Problem details
Exclude the pictures and reproduce the remaining data exactly as written.

-----

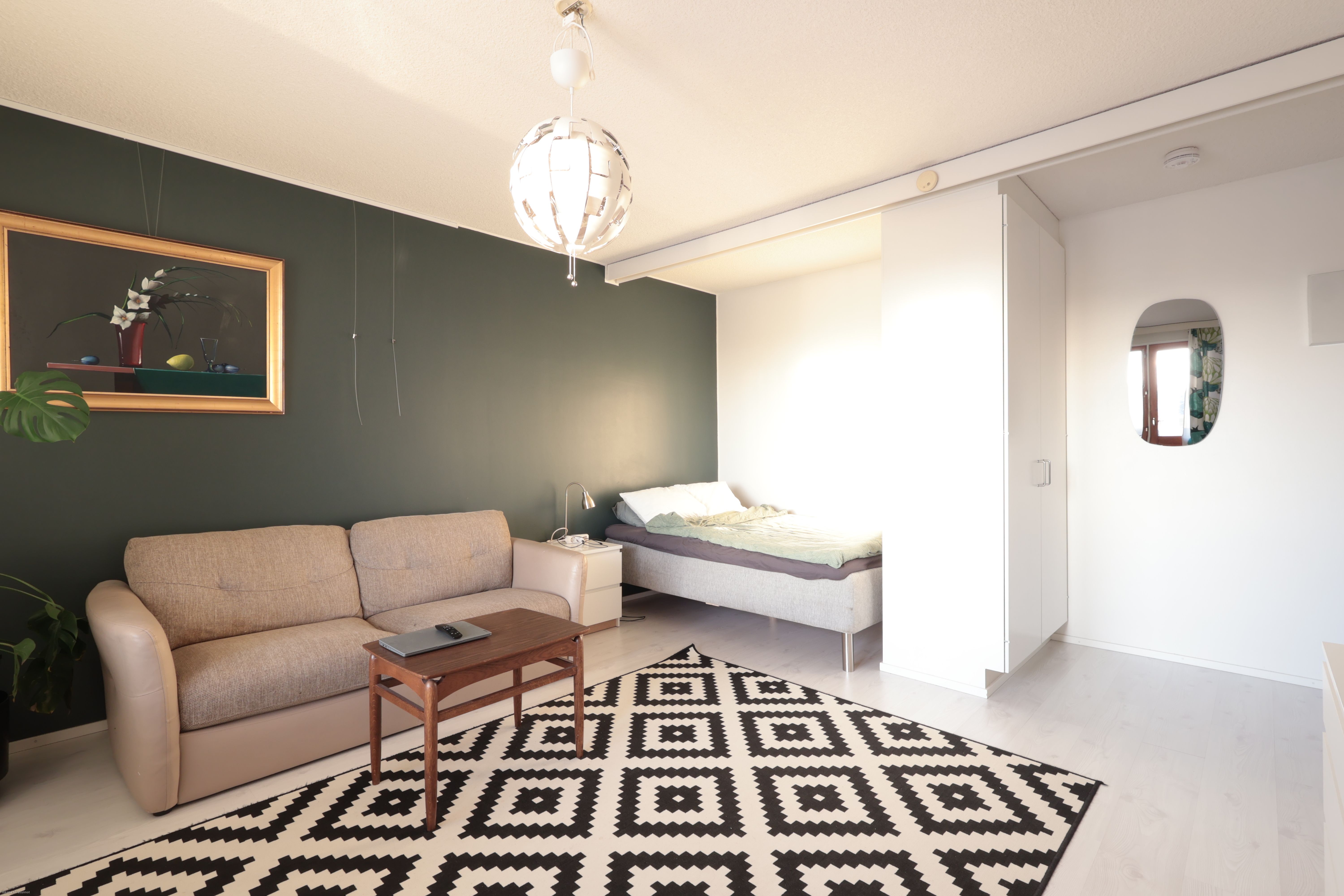 Asunnossa on erittäin toimiva ja selkeä pohjaratkaisu. Keittiö on omassa erillisessä tilassaan, mikä tekee oleskelualueesta rauhallisen ja helpottaa kalustamista. Alkovi tuo makuutilaan mukavasti omaa suojaa ja mahdollistaa selkeän jaon nukkumis- ja oleskelutilan välillä.
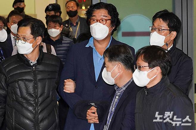 더불어민주당 이재명 대표의 '변호사비 대납 의혹' 핵심 인물인 김성태 전 쌍방울그룹 회장이 해외 도피 8개월 만인 17일 오전 인천공항 1터미널로 송환, 수원지검으로 압송되고 있다. 인천공항=황진환 기자
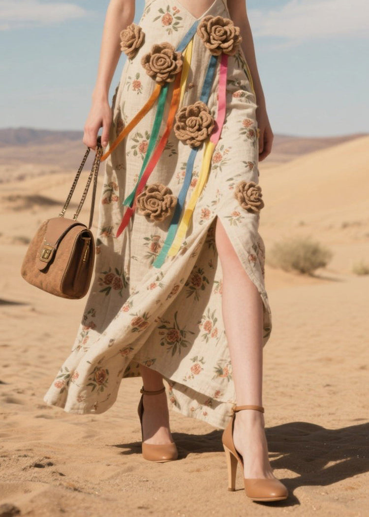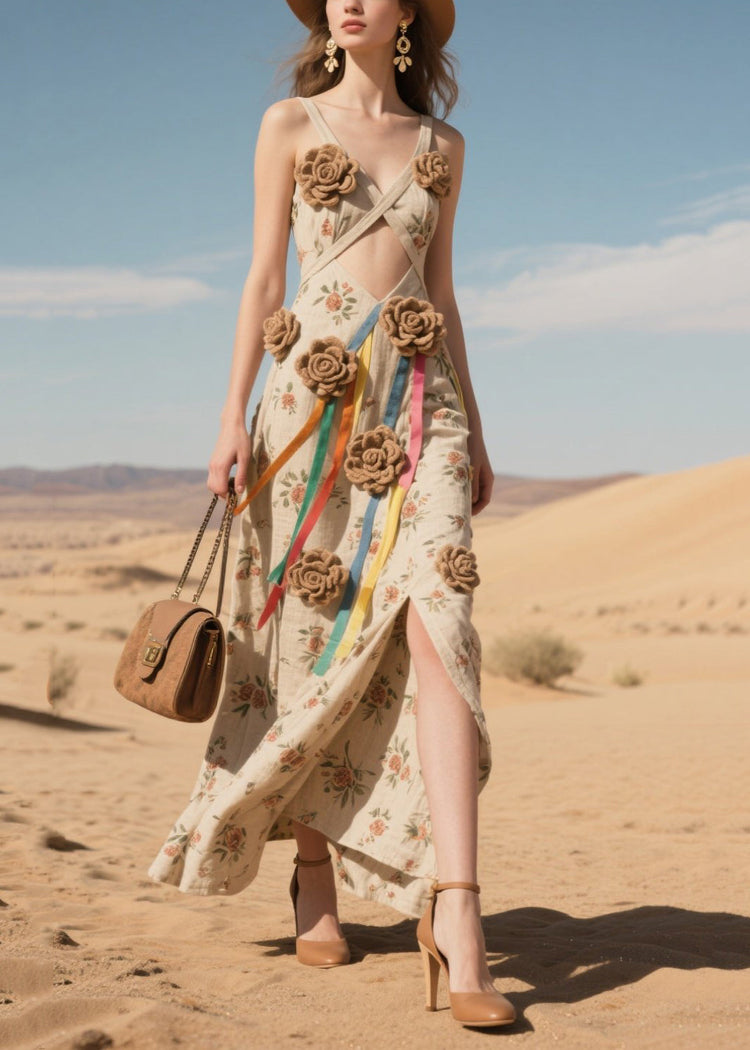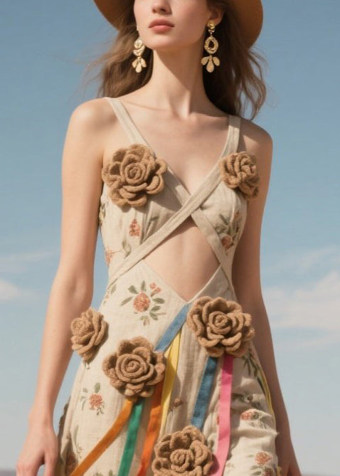 Classy Knitted Flower Hollow Out Side Open Cotton Cami Dress Summer
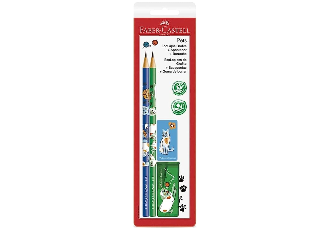 KIT ECOLAPIS PETS+BORRACHA+APOTADOR FABER CASTELL
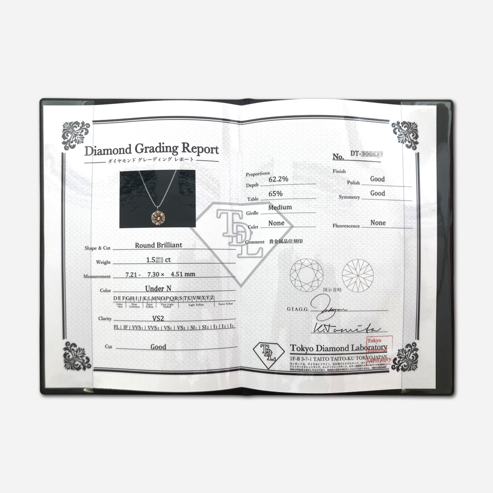 | グレーディング | カラット:1.5ct カラー:underN クラリティ:VS2 カット:Good |
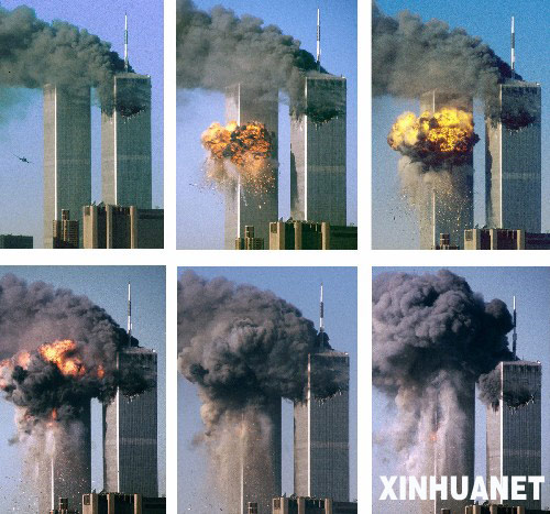 2001年9月11日,恐怖分子劫持了美国4架民航客机,其中两架撞坍了纽约世贸中心“双子大厦”,一架撞毁华盛顿五角大楼的一角,另一架坠毁。这一系列袭击导致3000多人死亡,并造成数千亿美元的直接和间接经济损失。 这是一架飞机撞击纽约世贸中心“双子大厦”南楼的拼版照片(2001年9月11日摄)。 新华社发
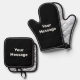 Sie können Ihre eigene Nachricht in weißem Text auf diesem schwarzen Ofen Mitt und Pot Inhaber Set erstellen.
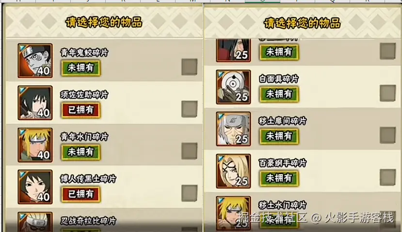 接下来博闻录的奖励方面除了能获取鬼餃的整卡外,还有有25片高招S碎片供大家二选一,本次高招S碎片有:秽土斑、白面具、秽土二代、百豪纲手和秽土水门。A忍整卡方面有:青年鬼餃、须佐佐助、青年水门、博人传黑土、忍者奇拉比以及博人传达鲁伊。
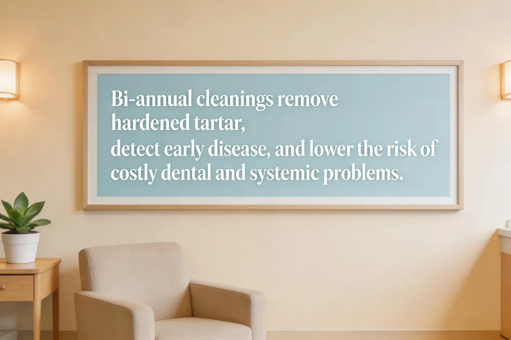 Bi‑annual cleanings interrupt this cycle, removing hidden plaque, polishing teeth, and allowing the dentist to catch early signs of decay, gum recession, or oral cancer before they become costly or painful.
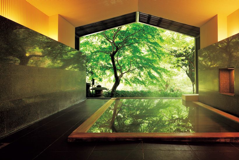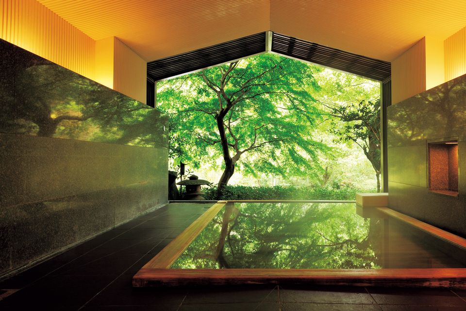 お楽しみは、一枚絵のような美しい景色が楽しめる半露天の大浴場(上写真)。冷え性などにもよいとされるナトリウム塩化物泉に浸りながら、湯坂山の四季折々の景色を堪能できます。
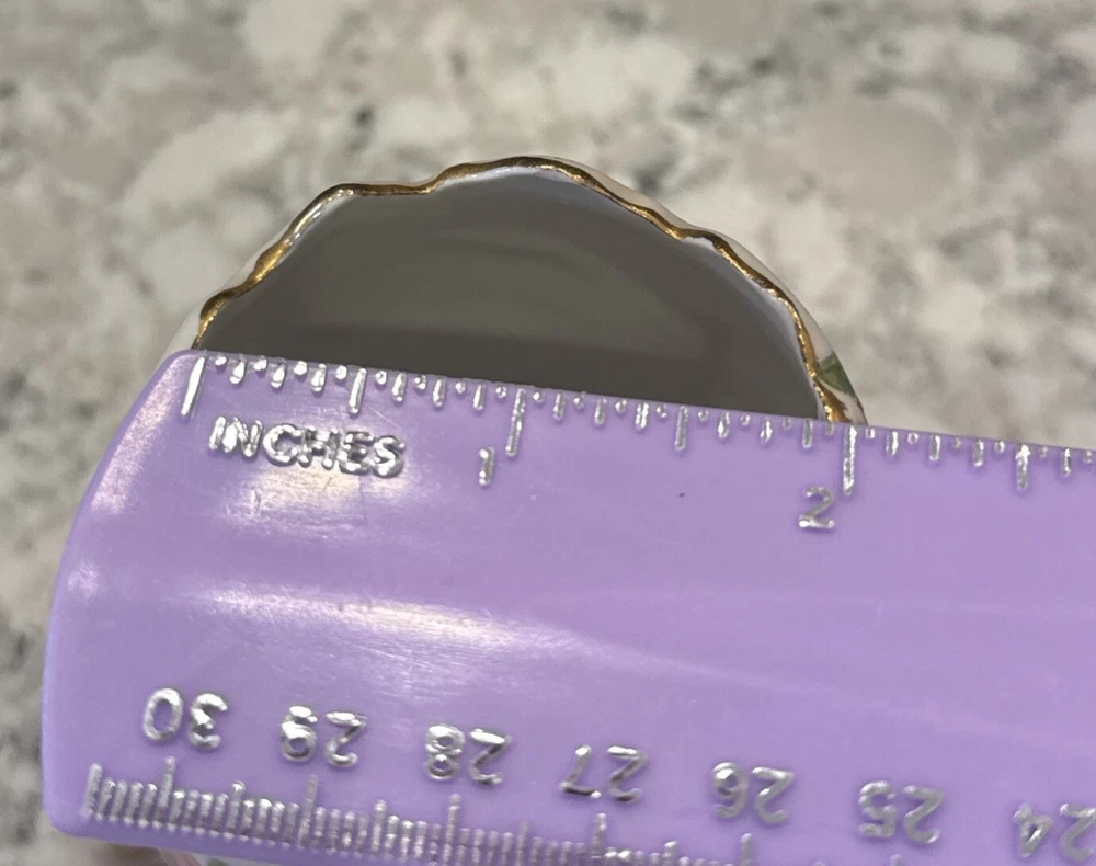 In great used condition, no major defects. One very tiny chip on rim as noted in photo. Paint is intact, gold accent paint intact.
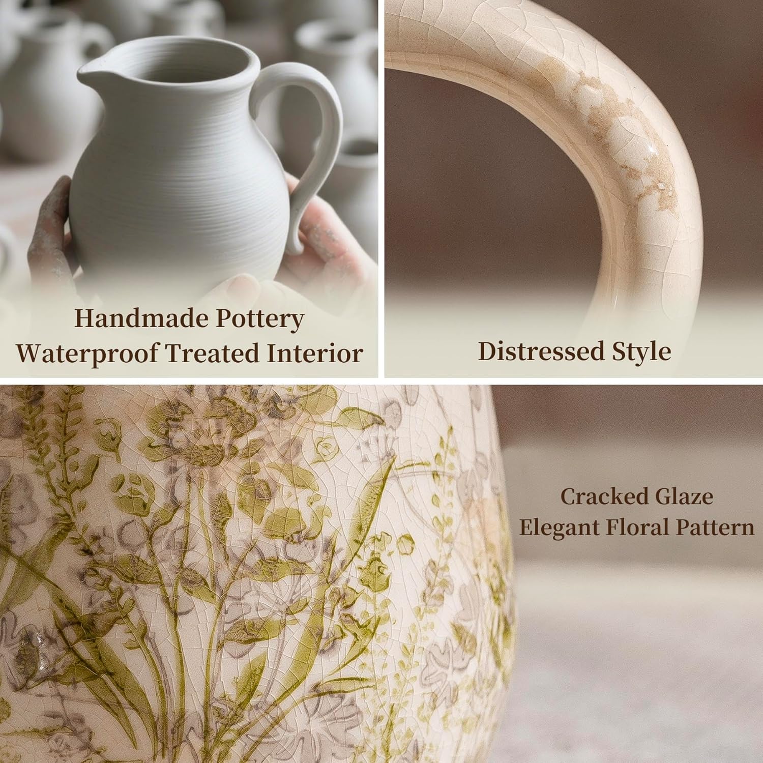 Vintage Green and Beige Ceramic Pitcher Vase with Handle, Farmhouse Floral Decorative Vase, Rustic Table Centerpiece for Home Decor, Living Room, French Country Grand Millennial Decor 8.7 in
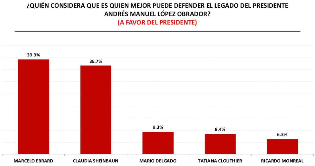 ¿Quién considera que es quien puede defender el legado del Presidente Andrés Manuel López Obrador?, pregunta Massive Caller a dos mil personas. Marcelo Ebrard, Canciller mexicano, aparece en primer lugar con 39.3 por ciento de las respuestas, mientras que Claudia Sheinbaum, Jefa de Gobierno de la capital, tiene 36.7 por ciento.
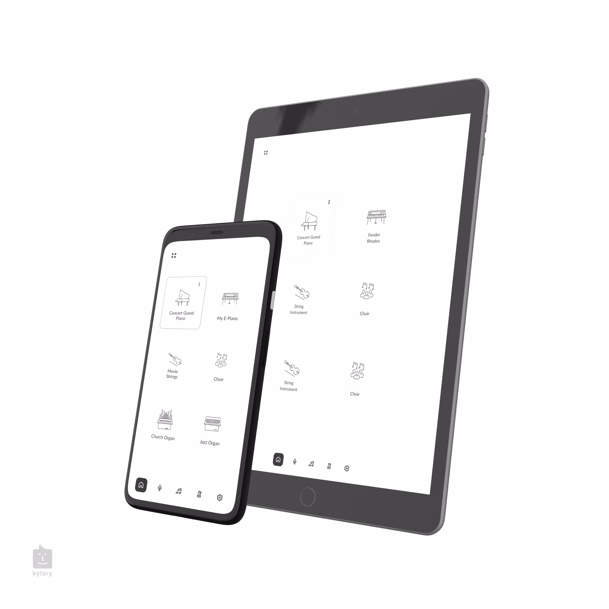 Minimalistyczny, nowoczesny panel sterowania z ośmioma podświetlanymi przyciskami zapewnia szybki dostęp do podstawowych funkcji, takich jak głośność, wybór dźwięku lub metronom. Zaawansowane ustawienia są dostępne za pośrednictwem aplikacji GEWA Piano Remote dla systemów Android i iOS, która umożliwia dostosowywanie dźwięków, efektów, parametrów klawiatury, nakładania dźwięków, metronomu, nagrywania i funkcji edukacyjnych. Piano obsługuje również funkcję Favorite do zapisywania czterech ulubionych presetów. Łączność obejmuje Bluetooth Audio i MIDI, USB to Host, wejście AUX, wyjście liniowe, dwa wejścia pedałowe oraz wyjście słuchawkowe, dzięki czemu instrument można łatwo zintegrować z domowym studiem lub aplikacjami edukacyjnymi, takimi jak Flowkey, Skoove czy Simply Piano.
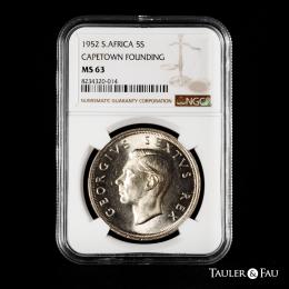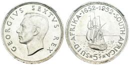 South Africa. 5 shillings. 1952. (Km-41). Ag. Capetown Founding. Slabbed by NGC as MS 63. Est...30,00.
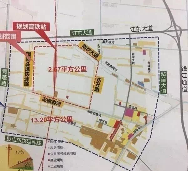 江东站是杭州打造“三城一枢纽”的重要方面,是钱塘新区腾飞的助推器。值得注意的是钱塘新区段的用地规模是较大的,另外根据此次批前公示,该工程在钱塘新区境内的路线也已清晰,大致就是从新湾街道江东站经义蓬街道延伸到靖江街道。
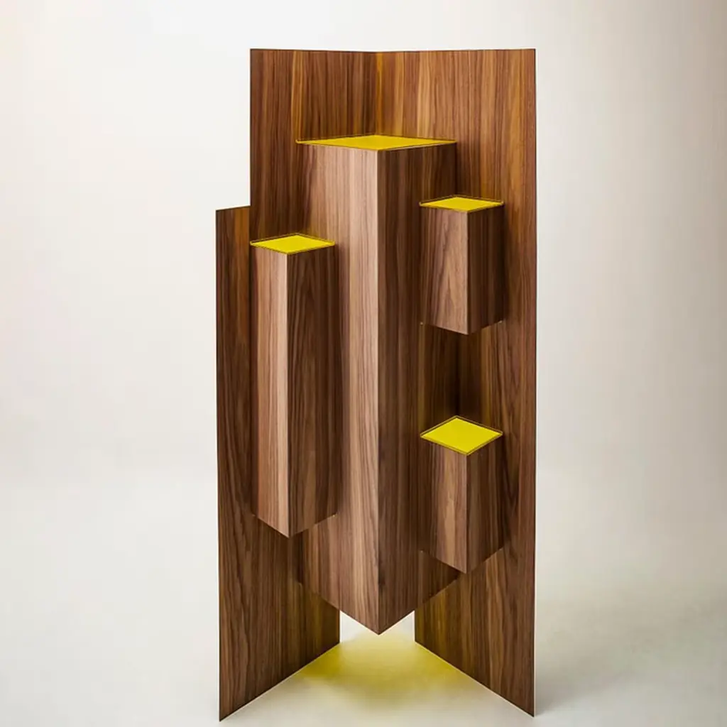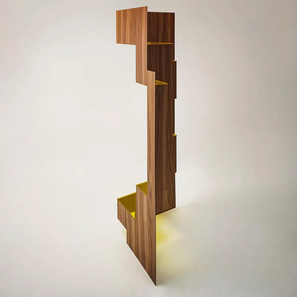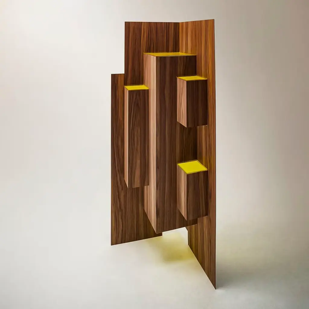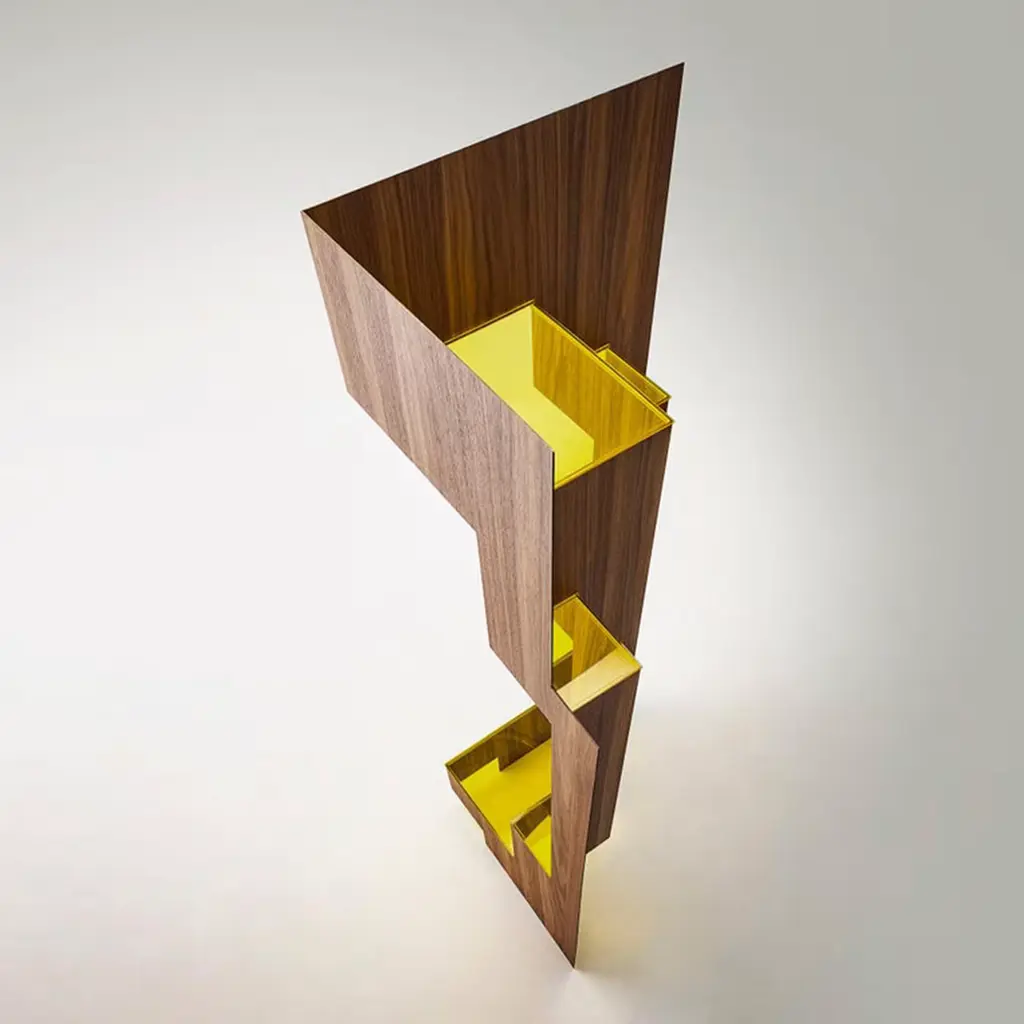 Aptly named after the ancient Japanese art of cutting paper, this eye-catching screen exemplifies Sebastiano Bottos unique architectural and sculptural style. The 2mm-thick wood structure is masterfully folded using the Kirigami technique to obtain the three-dimensional effect, enhanced by the vibrant yellow acrylic fabric double-sided composite panels strategically placed to create an interplay of perspectives. A captivating room divider in a large loft space, this is a true work of art by itself. Fully customizable in size and finish on request, ask the Concierge for information.

-----

Answer to this exercise
 Asunnossa on erittäin toimiva ja selkeä pohjaratkaisu. Keittiö on omassa erillisessä tilassaan, mikä tekee oleskelualueesta rauhallisen ja helpottaa kalustamista. Alkovi tuo makuutilaan mukavasti omaa suojaa ja mahdollistaa selkeän jaon nukkumis- ja oleskelutilan välillä.
 더불어민주당 이재명 대표의 '변호사비 대납 의혹' 핵심 인물인 김성태 전 쌍방울그룹 회장이 해외 도피 8개월 만인 17일 오전 인천공항 1터미널로 송환, 수원지검으로 압송되고 있다. 인천공항=황진환 기자
 Classy Knitted Flower Hollow Out Side Open Cotton Cami Dress Summer
 KIT ECOLAPIS PETS+BORRACHA+APOTADOR FABER CASTELL
 | グレーディング | カラット:1.5ct カラー:underN クラリティ:VS2 カット:Good |
 2001年9月11日,恐怖分子劫持了美国4架民航客机,其中两架撞坍了纽约世贸中心“双子大厦”,一架撞毁华盛顿五角大楼的一角,另一架坠毁。这一系列袭击导致3000多人死亡,并造成数千亿美元的直接和间接经济损失。 这是一架飞机撞击纽约世贸中心“双子大厦”南楼的拼版照片(2001年9月11日摄)。 新华社发
 Sie können Ihre eigene Nachricht in weißem Text auf diesem schwarzen Ofen Mitt und Pot Inhaber Set erstellen.
 接下来博闻录的奖励方面除了能获取鬼餃的整卡外,还有有25片高招S碎片供大家二选一,本次高招S碎片有:秽土斑、白面具、秽土二代、百豪纲手和秽土水门。A忍整卡方面有:青年鬼餃、须佐佐助、青年水门、博人传黑土、忍者奇拉比以及博人传达鲁伊。
 Bi‑annual cleanings interrupt this cycle, removing hidden plaque, polishing teeth, and allowing the dentist to catch early signs of decay, gum recession, or oral cancer before they become costly or painful.
 お楽しみは、一枚絵のような美しい景色が楽しめる半露天の大浴場(上写真)。冷え性などにもよいとされるナトリウム塩化物泉に浸りながら、湯坂山の四季折々の景色を堪能できます。
 In great used condition, no major defects. One very tiny chip on rim as noted in photo. Paint is intact, gold accent paint intact.
 Vintage Green and Beige Ceramic Pitcher Vase with Handle, Farmhouse Floral Decorative Vase, Rustic Table Centerpiece for Home Decor, Living Room, French Country Grand Millennial Decor 8.7 in
 ¿Quién considera que es quien puede defender el legado del Presidente Andrés Manuel López Obrador?, pregunta Massive Caller a dos mil personas. Marcelo Ebrard, Canciller mexicano, aparece en primer lugar con 39.3 por ciento de las respuestas, mientras que Claudia Sheinbaum, Jefa de Gobierno de la capital, tiene 36.7 por ciento.
 Minimalistyczny, nowoczesny panel sterowania z ośmioma podświetlanymi przyciskami zapewnia szybki dostęp do podstawowych funkcji, takich jak głośność, wybór dźwięku lub metronom. Zaawansowane ustawienia są dostępne za pośrednictwem aplikacji GEWA Piano Remote dla systemów Android i iOS, która umożliwia dostosowywanie dźwięków, efektów, parametrów klawiatury, nakładania dźwięków, metronomu, nagrywania i funkcji edukacyjnych. Piano obsługuje również funkcję Favorite do zapisywania czterech ulubionych presetów. Łączność obejmuje Bluetooth Audio i MIDI, USB to Host, wejście AUX, wyjście liniowe, dwa wejścia pedałowe oraz wyjście słuchawkowe, dzięki czemu instrument można łatwo zintegrować z domowym studiem lub aplikacjami edukacyjnymi, takimi jak Flowkey, Skoove czy Simply Piano.
 South Africa. 5 shillings. 1952. (Km-41). Ag. Capetown Founding. Slabbed by NGC as MS 63. Est...30,00.
 江东站是杭州打造“三城一枢纽”的重要方面,是钱塘新区腾飞的助推器。值得注意的是钱塘新区段的用地规模是较大的,另外根据此次批前公示,该工程在钱塘新区境内的路线也已清晰,大致就是从新湾街道江东站经义蓬街道延伸到靖江街道。
 Aptly named after the ancient Japanese art of cutting paper, this eye-catching screen exemplifies Sebastiano Bottos unique architectural and sculptural style. The 2mm-thick wood structure is masterfully folded using the Kirigami technique to obtain the three-dimensional effect, enhanced by the vibrant yellow acrylic fabric double-sided composite panels strategically placed to create an interplay of perspectives. A captivating room divider in a large loft space, this is a true work of art by itself. Fully customizable in size and finish on request, ask the Concierge for information.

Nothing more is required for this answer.